Seu filho já pagou algum boleto?
A primeira vez que tive contato com educação financeira foi em 2002, quando fui voluntária em uma ONG dando aulas de economia pessoal para alunos de uma escola pública de São Paulo. Era uma turma do sétimo ano do ensino fundamental e nesse curso eles aprendiam o básico sobre orçamento financeiro pessoal e familiar e as vantagens e desvantagens do crédito, além de explorarem opções de carreira e descobrirem o valor da educação.
Me lembro de chegar no primeiro dia de aula mais assustada do que no meu primeiro dia de trabalho no mercado financeiro. Era uma mistura de ansiedade por nunca ter dado uma aula antes, e curiosidade sobre como seria o engajamento daquelas crianças com o tema. Coloquei o medo na sacola, respirei fundo e mergulhei de cabeça naquela incrível experiência. O que eu não imaginava era que, poucos anos mais tarde, a educação financeira se tornaria para mim uma profissão.
Aqueles jovens, vindos de realidades tão distintas, tinham um ponto em comum: o sonho de se tornarem pessoas financeiramente mais prósperas. Minha missão ali era mostrar caminhos e ferramentas para viabilizar essa conquista.
Dentre as dez aulas que ministrei para essa turma, uma delas me chamou atenção pela curiosidade e engajamento das crianças. Apesar de muitas terem clareza da realidade financeira de suas famílias – e uma minoria até mesmo já trabalhava para ajudar no sustento da casa – elas não tinham a menor ideia do que era (ou para que servia) um caixa eletrônico, o internet banking, uma conta corrente, um talão de cheques (muito comum e utilizado na época) ou mesmo um boleto.
A dinâmica proposta por mim para a turma era de simular o ambiente de uma agência bancária, para que pudessem receber e pagar contas, descontar cheques e sacar dinheiro em um caixa eletrônico. Foi uma educativa simulação do mundo real.
Passados quase vinte anos dessa minha primeira experiência, vejo ainda a alienação das crianças e dos jovens sobre práticas tão corriqueiras do cotidiano de qualquer cidadão.
Ensinar para os filhos o valor e o significado do dinheiro, ou a importância de se ter uma vida financeira saudável, passa por ensiná-los a utilizar os recursos disponíveis de forma lúdica e aplicada. Hoje em dia qualquer criança é um nativo digital que domina aplicativos e jogos eletrônicos dos mais diversos com uma invejável destreza.

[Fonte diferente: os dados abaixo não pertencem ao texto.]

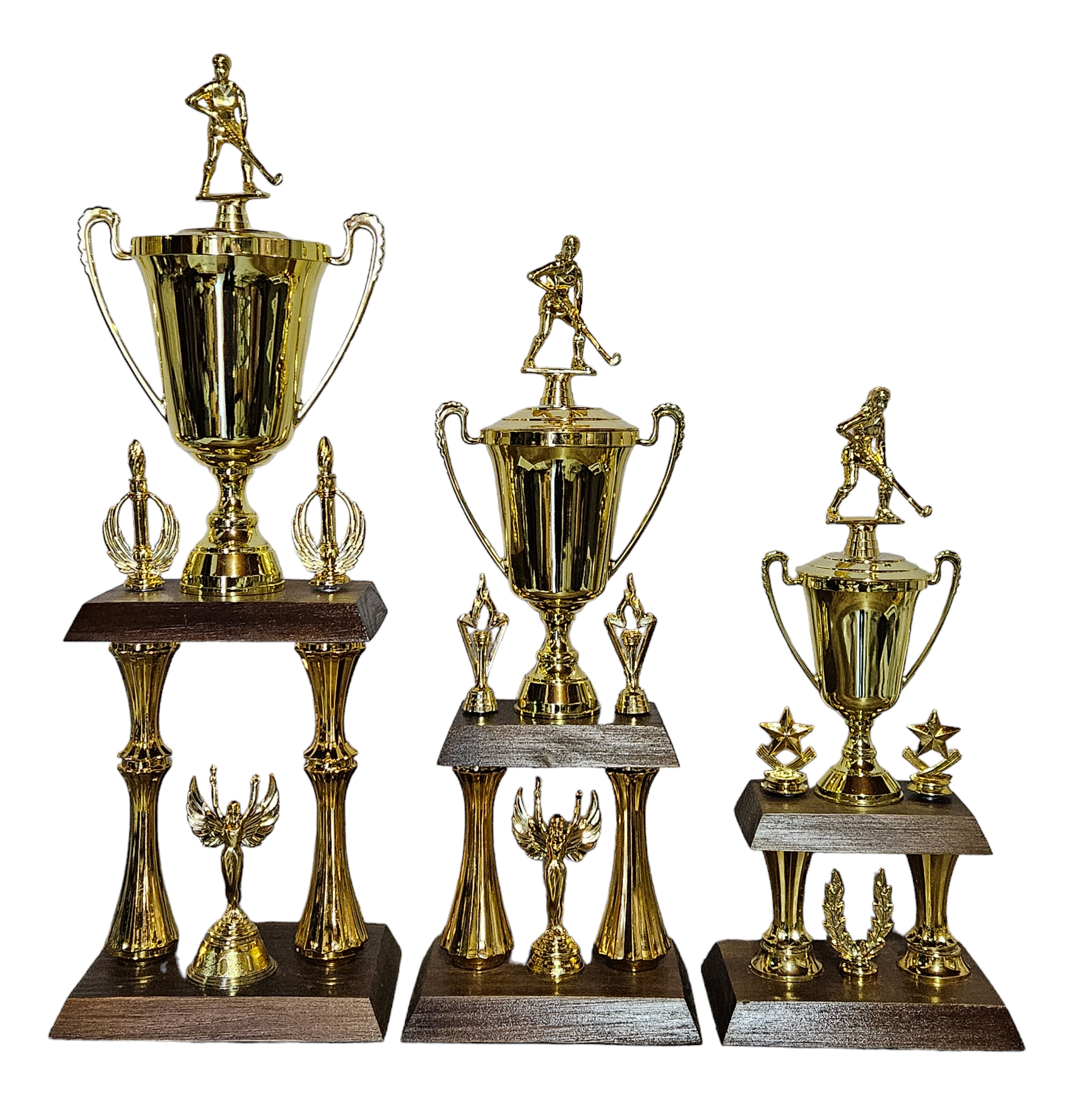 TROFEOS CON COPA METALIZADA, CAÑOS DE METAL Y MADERA

Contudo, essa mesma criança certamente não tem a menor ideia para que serve o aplicativo ou o internet banking de uma instituição financeira.
E é aí que mora uma grande oportunidade de mostrar para os filhos que dinheiro não nasce na ATM, que cartão de crédito não é um pedaço de plástico milagroso (que você passa e, do nada, seu sonho se realiza) e que aquele tanto de papéis que chegam em casa todos os meses é muito mais do que uma agressão ao meio ambiente.
Contextualizar as teorias é um ótimo processo educativo. Experimente convidar os filhos para navegarem no app do banco, apresentando e explicando a utilidade de cada funcionalidade. Envolva-os nas rotinas mais simples, como a conferência do extrato bancário ou o saldo em um investimento. Ensine o processo que o seu dinheiro percorre quando uma compra é paga com cartão de crédito e os alfabetize nas ferramentas que serão manejadas por eles em um futuro bem próximo. Fazer isso é aproximá-los do mundo real.
Eles podem até não precisar tão cedo pagar um boleto, mas certamente entenderão de onde vem, para o que serve e a importância de pagá-lo em dia.